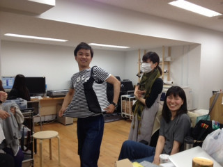 レロレロ。 今日はお花見的に、会社の大ホールで歓迎送別会でした。 会が終わって、ほろよい気分。 残っているみんなが、異様に盛り上がっていました。 むしろ、悲鳴にも似た声が。 ん? なんだろう?? と思ったら、 「ぎゃー! こわー!」 「ちがうーちがいますってば」 「やだー」 「ちがう、ローロ! ローロ!」 なんのこっちゃ? と思っていたら、胸に「レロレロ」と書いているじゃありませんか。 それにみんなが 「いやだ〜」って反応していたのでした。 たしかに「レロレロ」やわ。 いやだわ〜。 言い出しっぺは、 実はふたりは同じ名字。 斉藤先輩は、斉藤後輩にきびしいのでした。 もう、来週からあだ名は 「レロレロ」だね、斉藤後輩。 最後の写真は、今日のゲームの景品で 肩からかけると、なんとも不思議だまし絵のようにナイスバディになっちゃうというもの。 ちょうど似たようなボーダーを着ていたレロレロなのでした。 これからも、レロレロをよろしくお願いしまーす! 2012/04/06 22:39 |
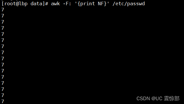 - [root@localhost ky15]#awk -F: '{print NF}' /etc/passwd
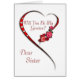 Invitation to Sister to be a greeter. A wonderful invitation for your wedding attendants.They will treasure this card forever. A modern take on a traditional theme shows a swirling heart with red roses. Copyright Norma Cornes.
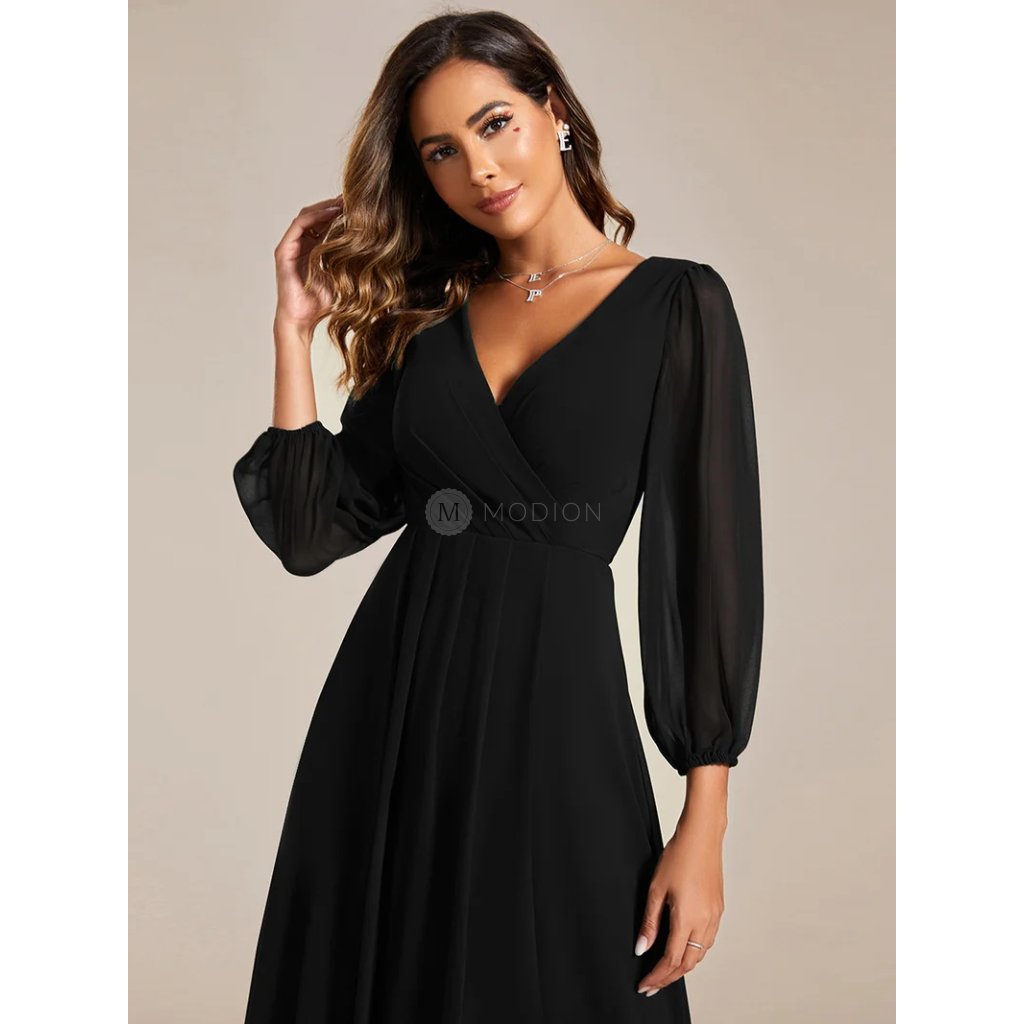 Černé šaty z lehkého šifonu působí nadčasově a elegantně. Výstřih do V zvýrazňuje dekolt, plisovaný živůtek dodává šatům jemnost a sklady v pase lichotí postavě. Dlouhé rukávy zakončené gumičkou poskytují pohodlné zakrytí paží a zároveň působí vzdušně. Splývavá asymetrická sukně s kratší přední a delší zadní částí se při chůzi ladně pohybuje a podtrhuje slavnostní charakter šatů.
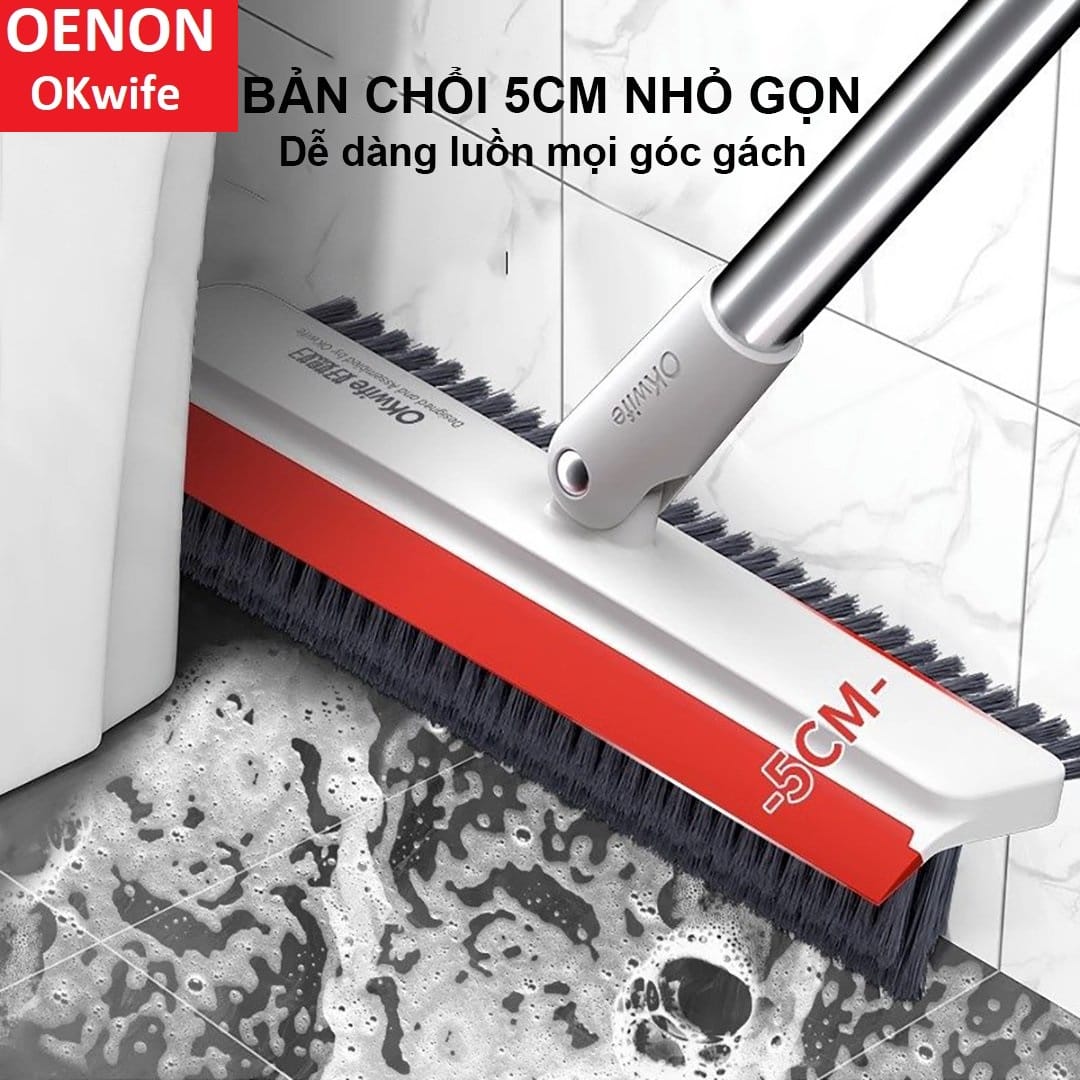 Cây chà nhà tắm đa năng – Cây lau sàn nhà tắm đa năng 2 trong 1 là dụng cụ vệ sinh tiện lợi, tích hợp chổi cọ sàn toilet và thanh gạt nước, giúp làm sạch nhanh chóng các khu vực như sàn nhà tắm, nhà vệ sinh, ban công và các góc khuất khó tiếp cận.
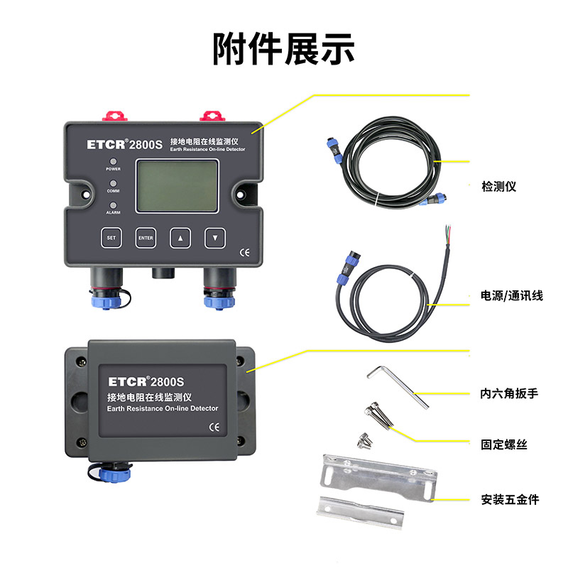ETCR2800S/2800KS接地電阻在線檢測(cè)儀用于在線監(jiān)測(cè)接地電阻、接地引下線的連接狀況、回路接地電阻、金屬回路聯(lián)結(jié)電阻,還可以在線監(jiān)測(cè)接地電流。又稱(chēng)接地電阻在線測(cè)試儀、回路電阻在線監(jiān)測(cè)儀。檢測(cè)儀采用非接觸測(cè)量技術(shù)、地線穿心通過(guò)傳感器、絕不影響防雷接地效果和設(shè)施的正常運(yùn)行;檢測(cè)儀有多種結(jié)構(gòu)適應(yīng)不同場(chǎng)所使用;檢測(cè)儀防護(hù)等級(jí)IP65,可在戶外安裝使用。檢測(cè)儀廣泛應(yīng)用于輸電線路桿塔接地;氣象防雷接地;石油化工接地;通信接地;變配電站接地;鐵路設(shè)施接地;建筑倉(cāng)庫(kù)接地;金屬回路阻值;電氣設(shè)備接地等。
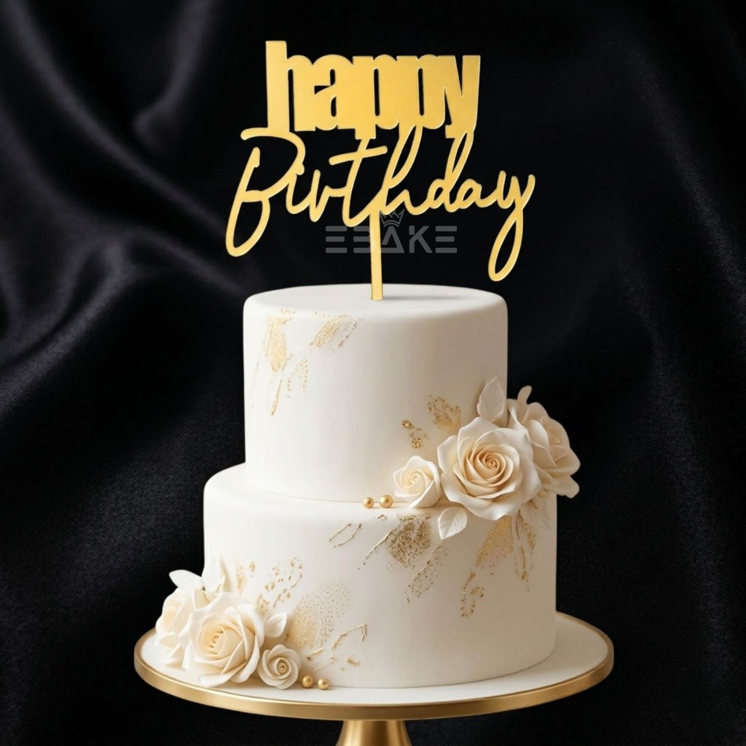 Happy Birthday Cake Topper 5 Inch Golden
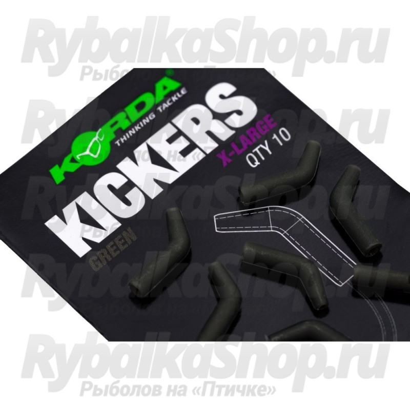 Korda Kickers — специальные коннекторы для цевья для правильной ориентировки крючка под водой, что помогает засекать рыбу за нижнюю губу. Агрессивный изгиб коннектора помогает крючку удерживаться в пасте трофея во время вываживания. Kickers изготовлены из гибкого пластика, который с одной стороны легко монтируется на цевье, но при этом очень хорошо держится на нем. В линейке доступны как яркие расцветки, так и камуфляжные. Классические тона вроде зеленого и коричневого помогут хорошенько замаскировать оснастку на дне водоема. Однако при этом яркие Kickers так же показали свою эффективность в ряде случаев — благодаря им рыбе проще найти наживку на дне.

· · · ·

> [Instructions for the task] Reproduce the records word for word, please, from their first line up to and including the line that contains "Invitation to Sister", but no pictures.

> [Answer box]
 レロレロ。 今日はお花見的に、会社の大ホールで歓迎送別会でした。 会が終わって、ほろよい気分。 残っているみんなが、異様に盛り上がっていました。 むしろ、悲鳴にも似た声が。 ん? なんだろう?? と思ったら、 「ぎゃー! こわー!」 「ちがうーちがいますってば」 「やだー」 「ちがう、ローロ! ローロ!」 なんのこっちゃ? と思っていたら、胸に「レロレロ」と書いているじゃありませんか。 それにみんなが 「いやだ〜」って反応していたのでした。 たしかに「レロレロ」やわ。 いやだわ〜。 言い出しっぺは、 実はふたりは同じ名字。 斉藤先輩は、斉藤後輩にきびしいのでした。 もう、来週からあだ名は 「レロレロ」だね、斉藤後輩。 最後の写真は、今日のゲームの景品で 肩からかけると、なんとも不思議だまし絵のようにナイスバディになっちゃうというもの。 ちょうど似たようなボーダーを着ていたレロレロなのでした。 これからも、レロレロをよろしくお願いしまーす! 2012/04/06 22:39 |
 - [root@localhost ky15]#awk -F: '{print NF}' /etc/passwd
 Invitation to Sister to be a greeter. A wonderful invitation for your wedding attendants.They will treasure this card forever. A modern take on a traditional theme shows a swirling heart with red roses. Copyright Norma Cornes.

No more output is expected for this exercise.